According to [this chart](WSJ.com) from the Wall Street Journal (which is based upon Payscale data, which isn’t the most accurate), economics has the highest starting salaries out of college, followed by finance, then business management, and then marketing. By mid-career, the order goes economics, finance, marketing, and then business management.
Georgetown’s Center for Workforce Education did a similar study, but they used American Community Survey data instead - which I tend to think is more accurate since the ACS is a representative slice of the U.S. population. Also, CWE separates out people by their degree - the WSJ chart includes people with graduate degrees and BAs all in the same pot, whereas the CWE analysis separates recent college grads, experienced grads, and grads with grad degrees.Their reported average starting salaries are a bit lower than the WSJ chart’s (and, in terms of the mid-career salary, quite a bit lower). Economics still comes out on top, followed by finance. Business management and marketing have about the same starting salary. By 5+ years out, economics majors still made the most, followed by finance, then marketing and then management.

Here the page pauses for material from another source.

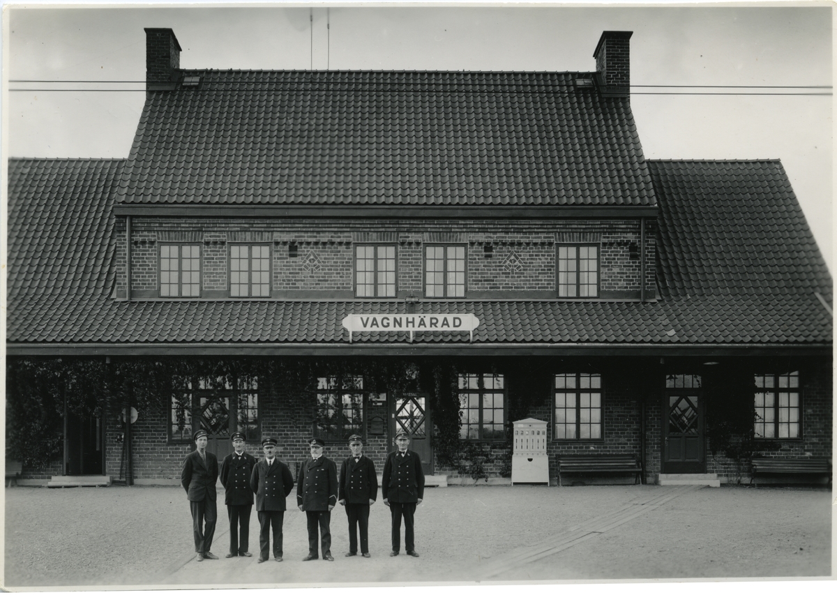 Gruppfoto utanför stationshuset av personalen i Vagnhärad.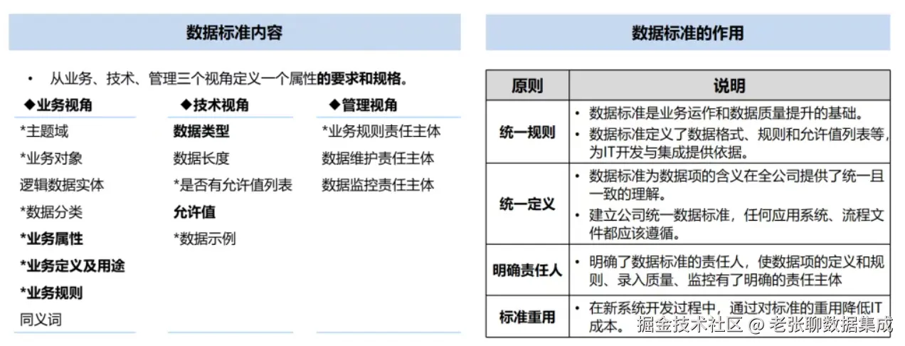 数据标准从业务、技术、管理三个视角来定义一个属性的要求和规格。

However, I think that’s likely due to the skills acquired in those majors and the types of jobs those majors tend to gravitate towards. Economics and finance are both heavily quantitative fields, and economics and finance majors with the advanced quant skills can enter quant jobs that are well-compensated positions. Marketing and management are more generalized, but marketing can grow to be more specialized and marketing also has the research component, which may be why marketing majors rise above mid-career.
But here’s something else to consider, which is - are the differences big enough to be the deciding factor in your choice? All four majors report mid-career salaries in the six figures for the WSJ chart. (I think these are overinflated.) By the CWE chart, they are all in the $60-75K range, and for grad degrees they’re all in the $80-100K range. And they’re just averages - it really all depends on what you do. A marketing major may go into marketing at a top tech company whereas a finance major crunches numbers at a nonprofit. A management major can rise to the top at a Fortune 500 company whereas an economics major may languish at middle management at a smaller firm. Or, frankly, that marketing major can decide mid-career they want to be a data scientist instead and get the credentials to make a career change, or may simply acquire additional skills (like programming and statistics) that make him more marketable. The charts can’t account for that; they only measure undergrad major.
The CWE is the only chart that has unemployment by major. For recent college grads, unemployment is worst for economics (10.1%), followed by management (7.8%), marketing (6.8%) and then finance (5.9%). But by 5+ years out of college, they’ve evened themselves out: marketing is 5.9%, economics is only 5.3%, business management is 4.7% and finance is 4.0%. And remember that these are just plain point estimates; there’s probably no real significant difference between an unemployment rate of 4.0% and one of 4.7%.
The answer is, any of those majors can make you marketable as a consultant or executive. People are hired into those roles because of their experience; by the time they get far enough in their careers to be considered for those roles, nobody cares what they majored in in undergrad 15-20+ years ago. (And if you’re talking about strategy or management consulting, the most important thing to do that entry-level is the school you go to. A philosophy major at Harvard has a better chance of joining McK than a business major at UMass-Boston.)
It depends on what you want to be an executive of or who you want to be a consultant to, too.